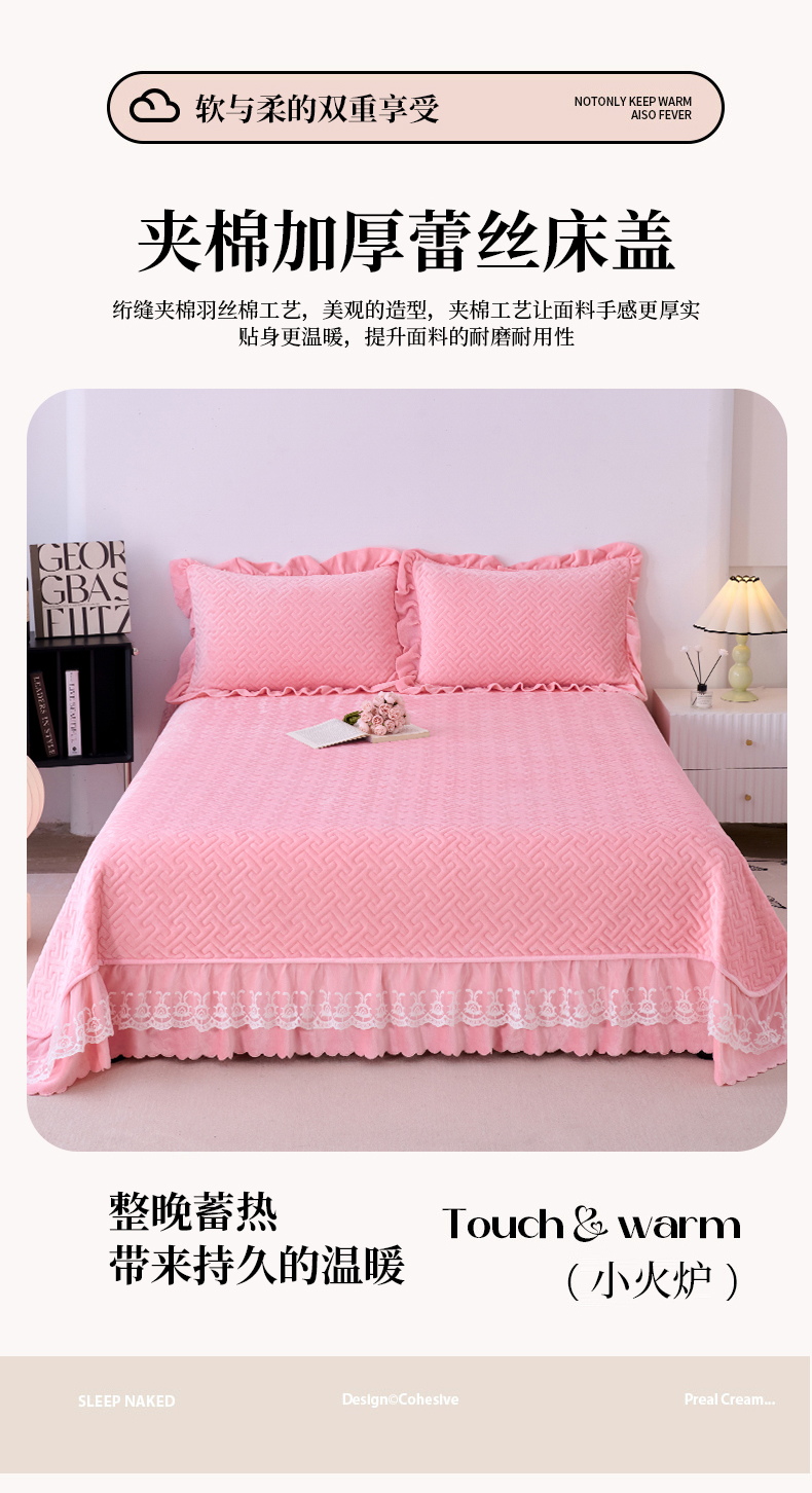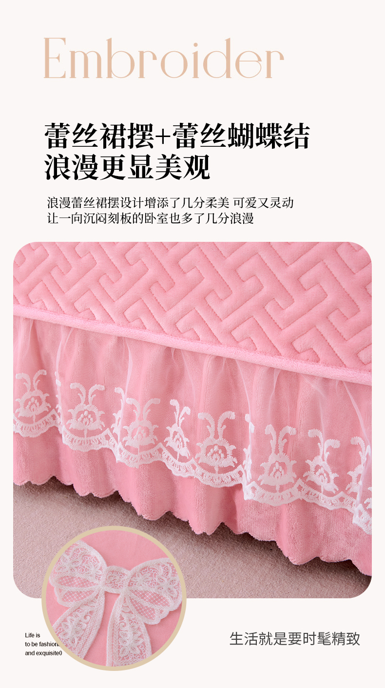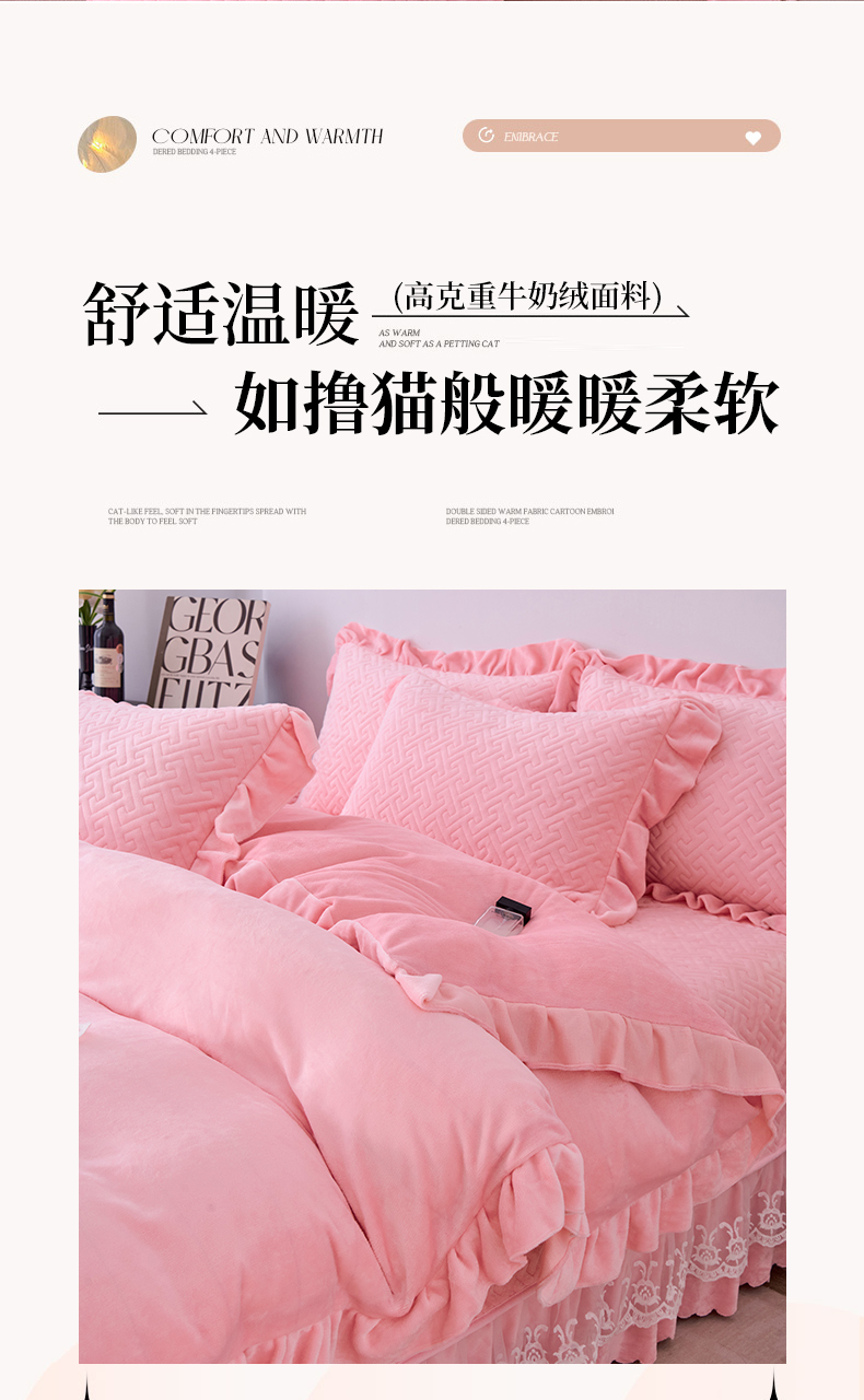 商品名称:畅畅家纺 2025新款11斤韩版冬季超柔加厚牛奶绒蝴蝶花边床盖四件套 桃粉
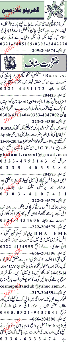 Cook, Drivers, Helpers, Computer Operators Job Opportunity
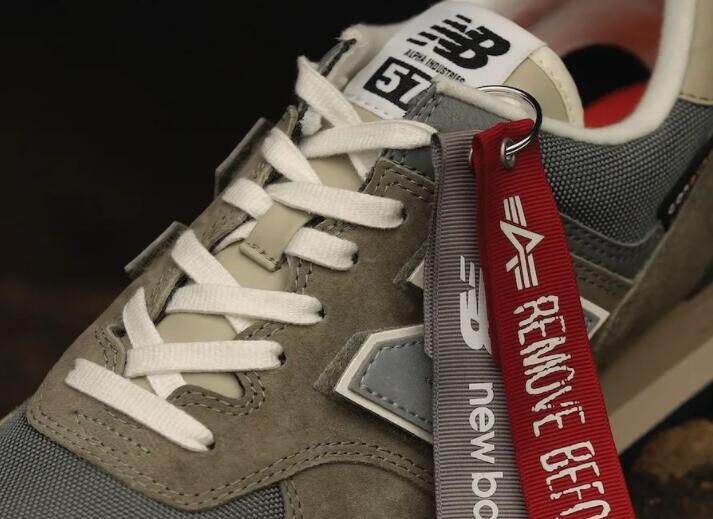 首次联乘鞋款以经典的574鞋型为基础打造,鞋身以灰色调为主,整体由麂皮搭载网眼材质构成,注入机能性CORDURA ®防水尼龙,便于户外穿着。鞋舌及鞋后跟分别加入Alpha Industries「Flying A」标志及New Balance「NB」标志,中底使用ENCAP缓震技术,鞋垫则选用同系列的橘色,配上军字印花,以示呼应。此次联乘鞋款附赠一个防尘袋,并配有多款配饰可供替换,其中包括联乘绸带及「N」字魔术贴,标志性的Alpha Industries绸带加上双方LOGO,以红灰配色作点缀,可系于鞋身;最后鞋两侧的银色3M「N」字标志则以魔术贴的形式出现,可用附送的卡其色贴章替换,重新诠释经典鞋款,彰显军事运动风。
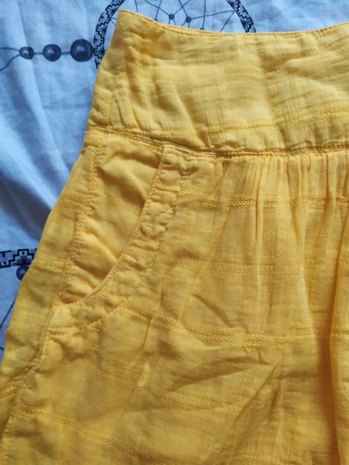 Jupe été jaune avec poches , fermeture éclaire sur le coté taille 4o PROMOD
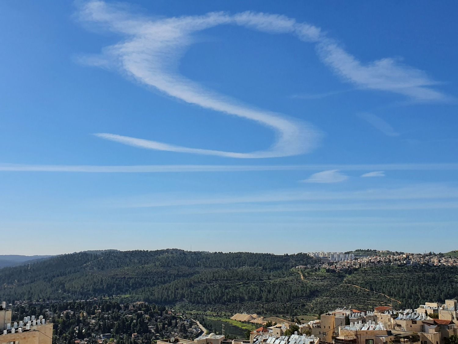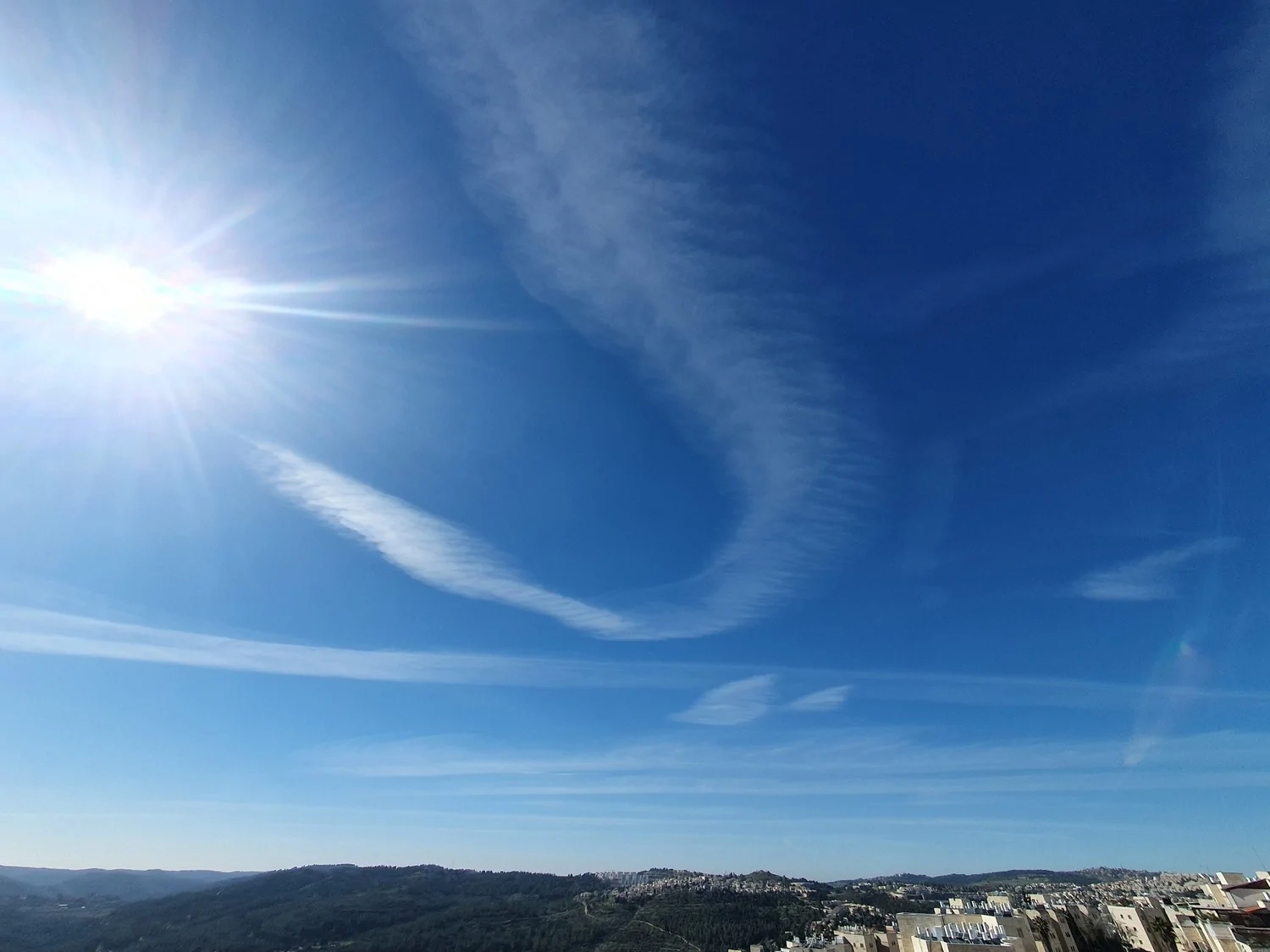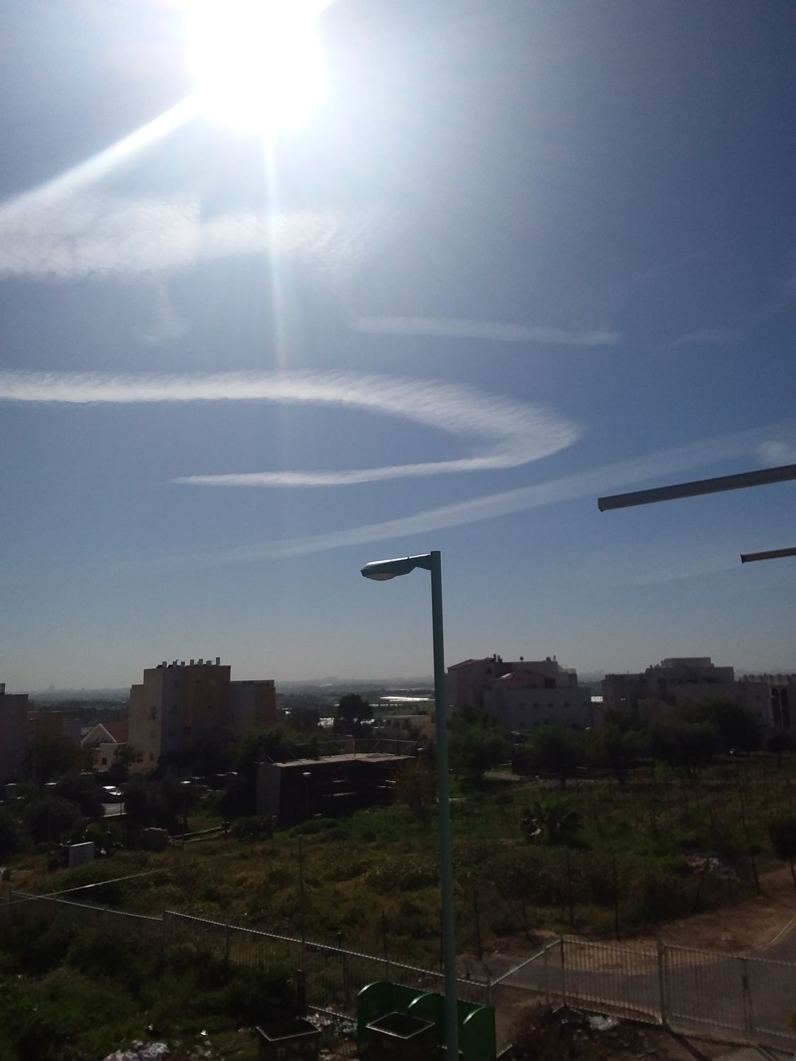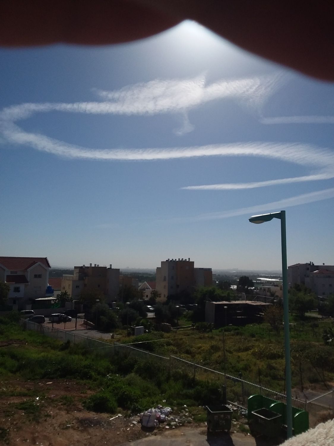כרגע הענן מתפשט ומתרחב ונראה ברור שזה ענן גבוה ולא סתם שובל עשן של מטוס סילון. גם בסמוך אליו יש עננות לא רגילה.
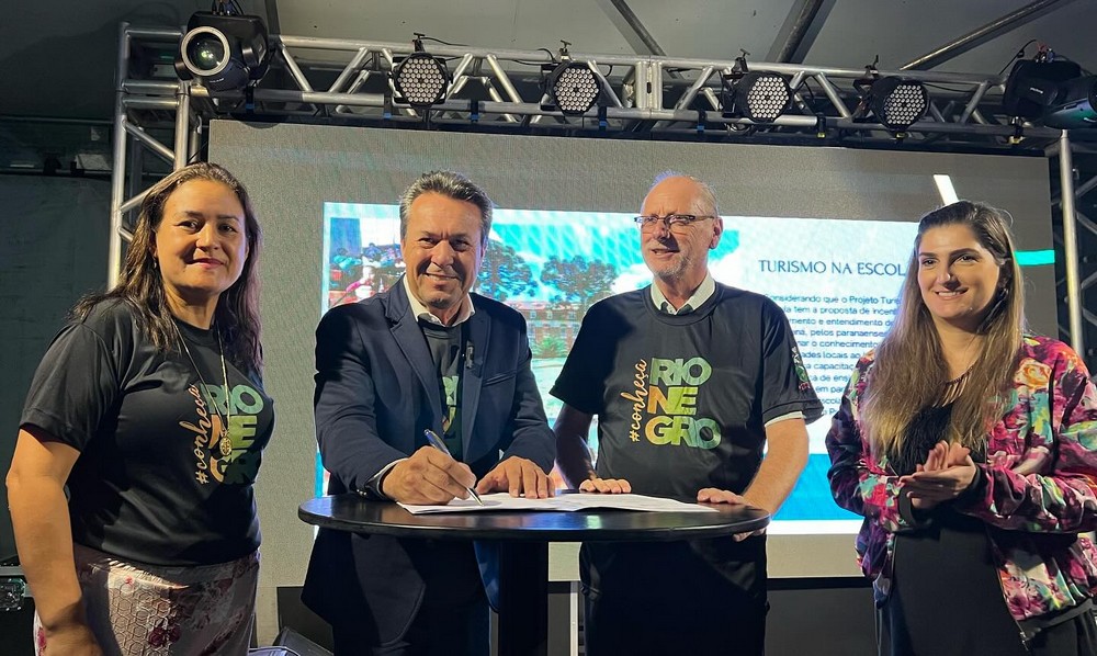 Nesta mesma noite ocorreu a assinatura do termo de cooperação entre o MunicÃpio de Rio Negro e o Estado do Paraná, a fim de estabelecer estratégias de execução em relação ao projeto Turismo na Escola, que visa incentivar o crescimento e entendimento do turismo no Paraná pelos paranaenses, além de disseminar o conhecimento e integrar as comunidades locais ao tema do turismo, atuando na capacitação de professores da rede pública de ensino.
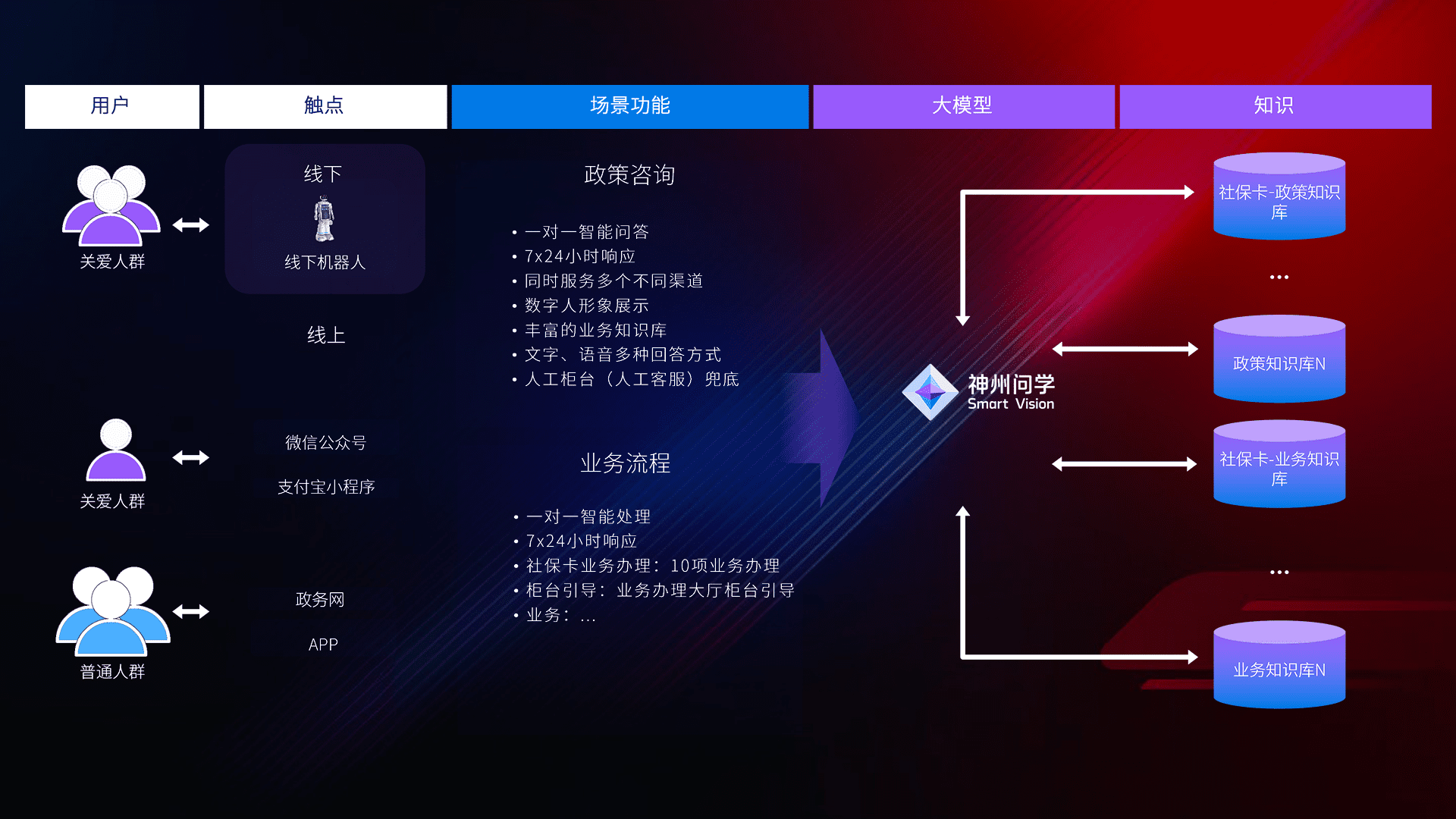 • 线上线下全覆盖:线上提供微信公众号、、支付宝小程序、、政务网、、、app多种渠道,,与线下机器人形成完整服务体系。。。

- - -

● **What the exercise asks**
Write out the whole of the data exactly; the pictures stay out.

● **Exercise answer**
 商品名称:畅畅家纺 2025新款11斤韩版冬季超柔加厚牛奶绒蝴蝶花边床盖四件套 桃粉
 Cook, Drivers, Helpers, Computer Operators Job Opportunity
 首次联乘鞋款以经典的574鞋型为基础打造,鞋身以灰色调为主,整体由麂皮搭载网眼材质构成,注入机能性CORDURA ®防水尼龙,便于户外穿着。鞋舌及鞋后跟分别加入Alpha Industries「Flying A」标志及New Balance「NB」标志,中底使用ENCAP缓震技术,鞋垫则选用同系列的橘色,配上军字印花,以示呼应。此次联乘鞋款附赠一个防尘袋,并配有多款配饰可供替换,其中包括联乘绸带及「N」字魔术贴,标志性的Alpha Industries绸带加上双方LOGO,以红灰配色作点缀,可系于鞋身;最后鞋两侧的银色3M「N」字标志则以魔术贴的形式出现,可用附送的卡其色贴章替换,重新诠释经典鞋款,彰显军事运动风。
 Jupe été jaune avec poches , fermeture éclaire sur le coté taille 4o PROMOD
כרגע הענן מתפשט ומתרחב ונראה ברור שזה ענן גבוה ולא סתם שובל עשן של מטוס סילון. גם בסמוך אליו יש עננות לא רגילה.
 Nesta mesma noite ocorreu a assinatura do termo de cooperação entre o MunicÃpio de Rio Negro e o Estado do Paraná, a fim de estabelecer estratégias de execução em relação ao projeto Turismo na Escola, que visa incentivar o crescimento e entendimento do turismo no Paraná pelos paranaenses, além de disseminar o conhecimento e integrar as comunidades locais ao tema do turismo, atuando na capacitação de professores da rede pública de ensino.
 • 线上线下全覆盖:线上提供微信公众号、、支付宝小程序、、政务网、、、app多种渠道,,与线下机器人形成完整服务体系。。。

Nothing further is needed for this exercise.